Daphne Merkin’s review in the NYT upon the reissue has it right:
I felt I had walked into a room where little was coming into focus, until, quite suddenly, it did. Garner’s style is laconic and wayward, reminding me of other writers whose gift is the art of artlessness, like Jean Rhys, Jane Bowles and Paula Fox. Nothing is put forward to entice the reader to take an interest in what is taking place on the page — no dramatic events or abrupt plunges into emotion. Everything is a manifestation of Garner’s sensibility rather than a plot point, which can make for a certain opaqueness regarding her character’s motives. Yet “The Children’s Bach” seemed truer to the way we experience life than most other novels I’d read.

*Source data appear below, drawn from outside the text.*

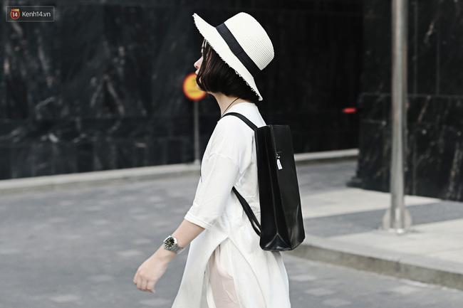 Chiếc balô da lạ mắt trở thành điểm nhấn cho set đồ trắng tinh khôi của cô bạn.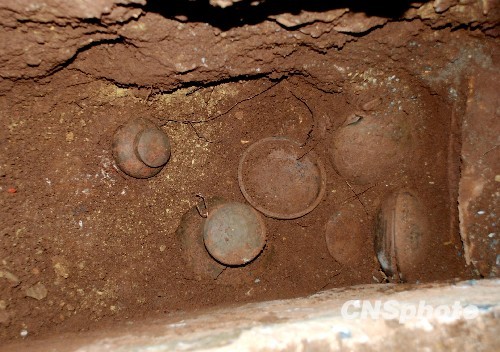 在水泉镇西汉墓葬群拍摄的出土文物。中新社发 刘明祥 摄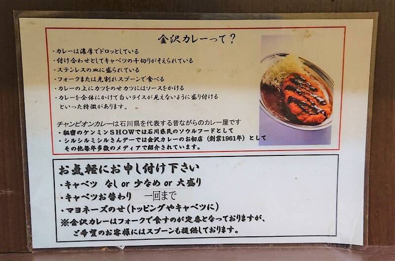「ビッグカツカレー」の食券を買って店内に入り、店員さんに食券を渡して席に着きました。席には金沢カレーについての説明が貼ってあったので、待っている間に金沢カレーについてお勉強……。

Yet this is not my favourite Garner. The structure here is loose and pretty arte povera, whereas the writing in The Spare Room and later pieces is abundant, positively satiating.
Another one from the arte povera family of books, Honour & Other People’s Children (1980, 2008) was only Garner’s second book and one that, as she wrote many years later in the foreword to True Stories, upset all the people who found themselves in it, thinly disguised. In Honour, a long and friendly separation between exes needs to be formalized as the husband now intends to marry someone else, whereas Other People’s Children looks at the dying friendship between two women whose lives have entwined for decades. Lots of bohemian communal living and circumstantial mothering and characters you’re not sure why they’re there, but the Garner-ian world-making, its discreet beat, holds it all together. Just about.
Her breakout novel, Monkey Grip (1977), I haven’t read, nor have I read her crime books - though her occasional pieces explaining why she’s interested in true crime (see Everywhere I Look) are really compelling. Her next one will apparently be a book about her grandson’s football team… among other things. The Q&A with Garner by the Observer’s Rachel Cooke from earlier in 2024 is a good a read.